Я не очень люблю приезжать на роды. Ситуация получается неловкая: женщина, которую вы видите впервые, лежит перед вами с раскинутыми ногами. Тяжело видеть человека, испытывающего сильную боль. В помещении пахнет тошнотворно сладко, а когда дело близится к завершению, слабонервным лучше не смотреть. Проблема в том, что работники скорой помощи могут не принимать роды месяцами или даже годами, а это значит, что мы теряем навык. У нас не получается постоянно практиковаться, как футболисты отрабатывают пенальти или гольфисты – удары. Говорят, что умение принимать роды, как и кататься на велосипеде, никуда не девается, но это не так. Мы что-то забываем, но не можем использовать это как отговорку, чтобы не выезжать на такие вызовы.

Работники скорой помощи – прекрасные игроки в покер. Ведь они обязаны сохранять невозмутимость даже в самых ужасных ситуациях.

Роды непредсказуемы, а это делает их очень волнующими. Нужно держать в голове миллион вещей одновременно, но действовать размеренно и методично. На самом деле процесс родов контролирует не работник скорой помощи, а роженица. Мы играем роль инструктора, говорящего, как нужно дышать и когда тужиться. Когда дело подходит к концу, у нас вдруг появляется два пациента: мать, у которой может начаться тяжелое кровотечение, и младенец, которому угрожают всевозможные осложнения.
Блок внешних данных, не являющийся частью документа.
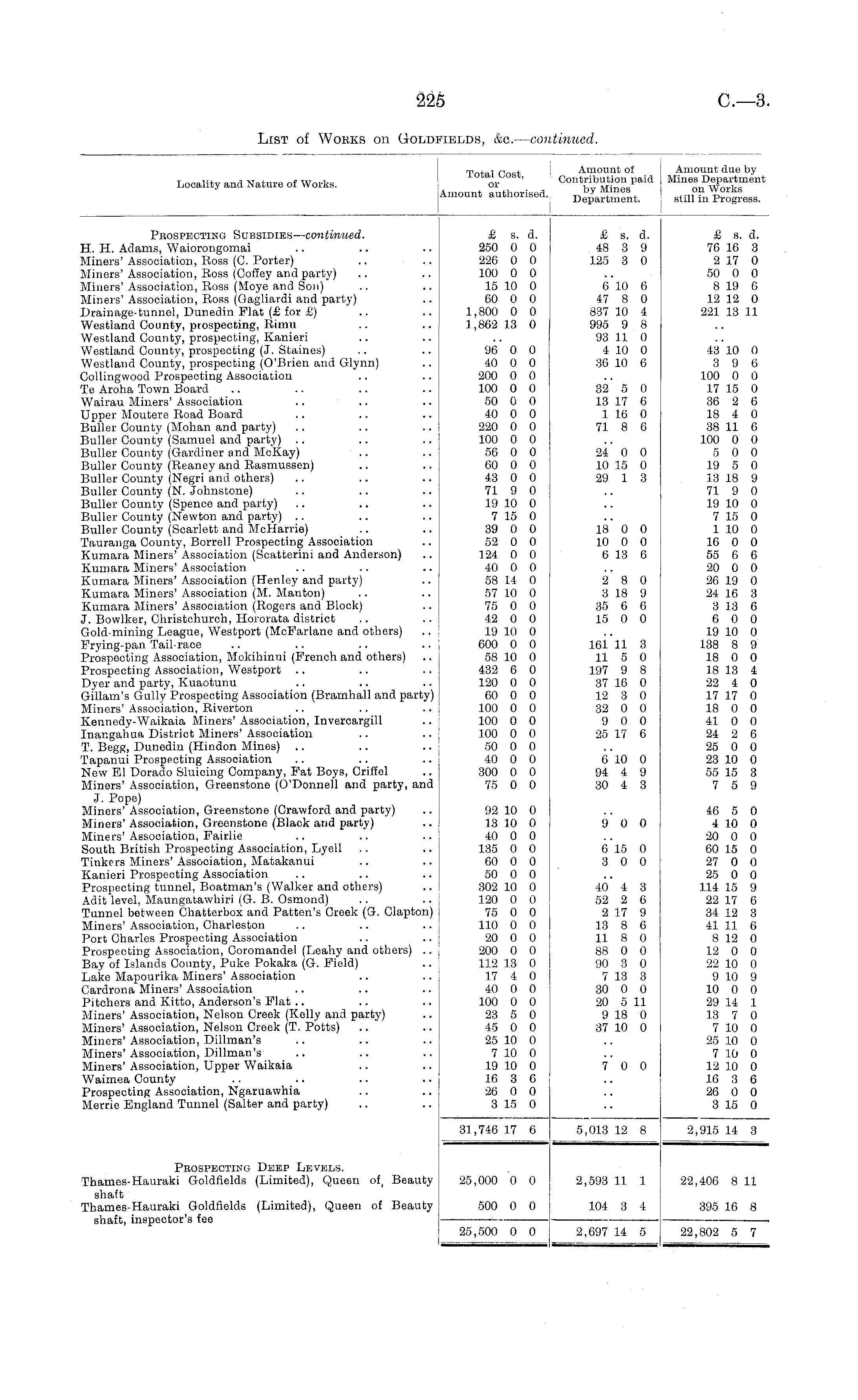 Locality and Nature of Works. rn„ t ., ri-.i. Amount of TotalCost, I contribution paid Amount authorised De b p y Jf t £f nt , Amount due by Mines Department on Works still in Progress. Prospecting Subsidies — continued. H. H. Adams, Waiorongomai Miners' Association, Ross (G. Porter) Miners' Association, Ross (Coffey and party) Miners' Association, Ross (Moye and Son) Miners' Association, Ross (Gagliardi and party) Drainage-tunnel, Dunedin Flat (£ for £) Westland County, prospecting, Rimu Westland County, prospecting, Kanieri Westland County, prospecting (J. Staines) Westland County, prospecting (O'Brien and Glynn) Collingwood Prospecting Association Te Aroha Town Board Wairau Miners' Association Upper Moutere Road Board Buller County (Mohan and party) Buller County (Samuel and party) Buller County (Gardiner and McKay) Buller County (Reaney and Rasmussen) Buller County (Negri and others) Buller County (N. Johnstone) Buller County (Spence and party) Buller County (Newton and party) Buller County (Scarlett and McHarrie) Tauranga County, Borrell Prospecting Association Kumara Miners' Association (Scatterini and Anderson) Kumara Miners'Association Kumara Miners' Association (Henley and party) Kumara Miners' Association (M. Manton) Kumara Miners' Association (Rogers and Block) J. Bowlker, Christchurch, Hororata district Gold-mining League, Westport (McFarlane and others) Frying-pan Tail-race Prospecting Association, Mokihinui (French and others) Prospecting Association, Westport Dyer and party, Kuaotunu Gillam's Gully Prospecting Association (Bramhall and party) Miners' Association, Riverton Kennedy-Waikaia Miners' Association, Invercargill Inangahua District Miners' Association T. Begg, Dunedin (Hindon Mines) Tapanui Prospecting Association New El Dorado Sluicing Company, Fat Boys, Criffel Miners' Association, Greenstone (O'Donnell and party, and J. Pope) Miners' Association, Greenstone (Crawford and party) Miners' Association, Greenstone (Black and party) Miners' Association, Fairlie South British Prospecting Association, Lyell Tinkers Miners' Association, Matakanui Kanieri Prospecting Association Prospecting tunnel, Boatman's (Walker and others) Adit level, Maungatawhiri (G. B. Osmond) Tunnel between Chatterbox and Patten's Creek (G. Clapton) Miners' Association, Charleston Port Charles Prospecting Association Prospecting Association, Coromandel (Leahy and others) .. Bay of Islands County, Puke Pokaka (G. Field) Lake Mapourika Miners' Association Gardrona Miners' Association Pitchers and Kitto, Anderson's Flat Miners' Association, Nelson Creek (Kelly and party) Miners' Association, Nelson Creek (T. Potts) Miners'Association, Dillman's Miners' Association, Dillman's Miners' Association, Upper Waikaia Waimea County Prospecting Association, Ngaruawhia Merrie England Tunnel (Salter and party) £ s. d. 250 0 0 226 0 0 100 0 0 15 10 0 60 0 0 1,800 0 0 1,862 13 0 £ s. d. 48 3 9 125 3 0 £ s. d. 76 16 3 2 17 0 50 0 0 8 19 6 12 12 0 221 13 11 6 10 6 47 8 0 837 10 4 995 9 8 93 11 0 4 10 0 36 10 6 96 0 0 40 0 0 200 0 0 100 0 0 50 0 0 40 0 0 220 0 0 100 0 0 56 0 0 60 0 0 43 0 0 71 9 0 19 10 0 7 15 0 39 0 0 52 0 0 124 0 0 40 0 0 58 14 0 57 10 0 75 0 0 42 0 0 19 10 0 600 0 0 58 10 0 432 6 0 120 0 0 60 0 0 100 0 0 100 0 0 100 0 0 50 0 0 40 0 0 300 0 0 75 0 0 32 5 0 13 17 6 1 16 0 71 8 6 24 0 0 10 15 0 29 1 3 18 0 0 10 0 0 6 13 6 2 8 0 3 18 9 35 6 6 15 0 0 43 10 0 3 9 6 100 0 0 17 15 0 36 2 6 18 4 0 38 11 6 100 0 0 5 0 0 19 5 0 13 18 9 71 9 0 19 10 0 7 15 0 1 10 0 16 0 0 55 6 6 20 0 0 26 19 0 24 16 3 3 13 6 6 0 0 19 10 0 138 8 9 18 0 0 18 13 4 22 4 0 17 17 0 18 0 0 41 0 0 24 2 6 25 0 0 23 10 0 55 15 3 7 5 9 161 11 3 11 5 0 197 9 8 37 16 0 12 3 0 32 0 0 9 0 0 25 17 6 6 10 0 94 4 9 30 4 3 92 10 0 13 10 0 40 0 0 135 0 0 60 0 0 50 0 0 302 10 0 120 0 0 75 0 0 110 0 0 20 0 0 200 0 0 112 13 0 17 4 0 40 0 0 100 0 0 23 5 0 45 0 0 25 10 0 7 10 0 19 10 0 16 3 6 26 0 0 3 15 0 9 0 0 615 0 3 0 0 40 4 3 52 2 6 2 17 9 13 8 6 11 8 0 88 0 0 90 3 0 7 13 3 30 0 0 20 5 11 9 18 0 37 10 0 46 5 0 4 10 0 20 0 0 60 15 0 27 0 0 25 0 0 114 15 9 22 17 6 34 12 3 41 11 6 8 12 0 12 0 0 22 10 0 9 10 9 10 0 0 29 14 1 13 7 0 7 10 0 25 10 0 7 10 0 12 10 0 16 3 6 26 0 0 3 15 0 7 0 0 31,746 17 6 5,013 12 8 2,915 14 3 Prospecting Deep Levels. Thames-Hauraki Goldfields (Limited), Queen of, Beauty shaft Thames-Hauraki Goldfields (Limited), Queen of Beauty shaft, inspector's fee 25,000 0 0 2,598 11 1 22,406 8 11 500 0 0 104 3 4 395 16 8 25,500 0 0 2,697 14 5 22,802 5 7

Эти проблемы должны решать акушеры-гинекологи, но у них, к сожалению, нет проблесковых маячков и сирены.

Чтобы пациентка сохраняла спокойствие независимо от непредсказуемости ситуации, мы должны и сами выглядеть спокойными. Так мы сможем сохранять контроль над ситуацией, какой бы хаос ни происходил у нас внутри. Запомните это и никогда не играйте в покер с работником скорой помощи.
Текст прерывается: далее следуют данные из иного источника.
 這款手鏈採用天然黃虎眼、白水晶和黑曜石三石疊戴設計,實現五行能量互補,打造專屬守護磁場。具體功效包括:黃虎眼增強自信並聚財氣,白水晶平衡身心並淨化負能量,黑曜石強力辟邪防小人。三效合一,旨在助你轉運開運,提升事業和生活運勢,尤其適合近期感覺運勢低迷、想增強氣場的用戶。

Еще одна причина, по которой вы редко увидите бегущих парамедиков, состоит в том, что оказание помощи, особенно проведение сердечно-легочной реанимации или принятие родов, – это тяжелая работа. Нет смысла суетиться и пыхтеть над пациентом, которому ты должен помочь. Поэтому мы обычно входим медленно и оцениваем ситуацию, что со стороны может выглядеть так, словно мы еле волочим ноги. Бывает, нам кричат: «Давай, парень, шевелись!» – однако мы должны быть уверены, что держим ситуацию под контролем или хотя бы производим такое впечатление.

Я объясняю женщине, что нужно делать, и вдруг понимаю, что ни она, ни ее партнер не говорят по-английски. Мне ничего не остается, кроме как изображать все самому. Обычно я не против того, чтобы поиграть в шарады в Рождество, но здесь все происходит совсем на другом уровне. Целый час я показываю, как нужно дышать, и корчусь, изображая потуги. Возможно, со стороны я выгляжу глупо, но это работает, поэтому я продолжаю.
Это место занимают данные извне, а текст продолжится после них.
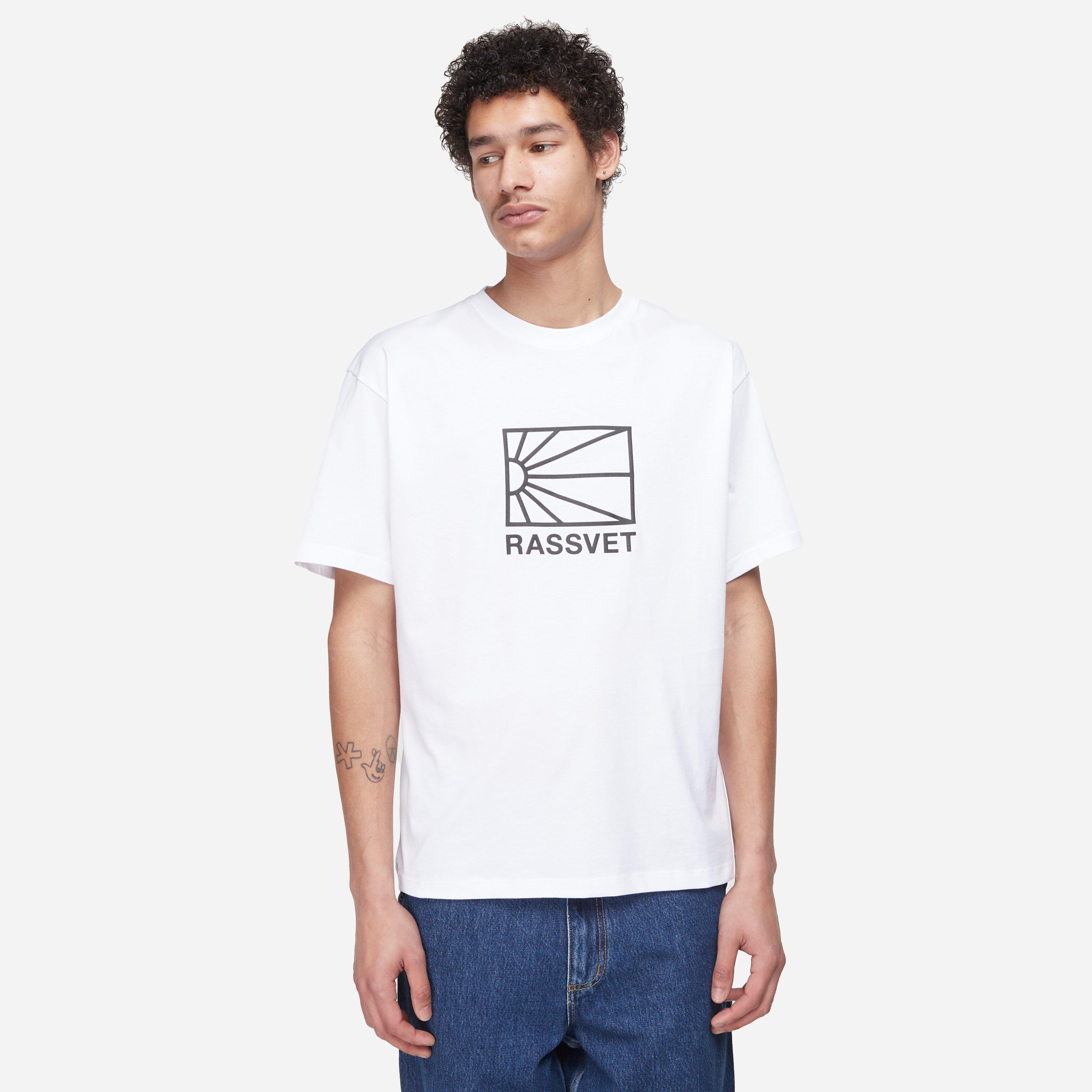 White - 100% cotton - Printed graphic - Relaxed fit - Model is 6'4" and wears a size medium.

Когда ребенок наконец решает показаться, я замечаю, что его шея обвита пуповиной. Нас учат сбрасывать петлю через голову ребенка, но у меня не получается. Я копошусь и начинаю паниковать, но скрываю это от роженицы. В итоге мне удается просунуть пальцы и ослабить петлю. Затем в результате последней потуги младенец выскальзывает мне в руки, словно кусок мыла. Наступает тишина, которая, кажется, длится вечно.

Когда вы находитесь в больнице и вам кажется, что с ребенком что-то не так, вы нажимаете на кнопку, и через мгновение рядом оказывается толпа народа. У работников скорой помощи такой кнопки нет. К счастью, младенец все же начинает плакать. Я разрешаю отцу перерезать пуповину, вытираю ребенка, заворачиваю в одеяло и передаю матери. Миссия выполнена.

После родов женщина сразу меняется. Впервые глядя в глаза своего малыша, она забывает обо всем, что только что перенесла. То же самое относится к нам. Так чудесно видеть эту любовь и преданность. Много ли людей, придя домой с работы, могут сказать: «Сегодня я принял роды и принес людям радость»?

Иногда я гадаю, что стало с этими детьми. Надеюсь, они счастливы, что пришли в наш мир. Однако нет времени стоять и смотреть, когда мы близимся к пику двенадцатичасовой смены. У нас нет ни минуты даже на то, чтобы вернуться на станцию и выпить чашку чая, – эти времена давно прошли. Вызовов так много, что мы практически всегда в дороге. Мы выбрасываем перчатки, приводим себя в порядок и делаем глубокий вдох. Два дела выполнены, едем на третий вызов.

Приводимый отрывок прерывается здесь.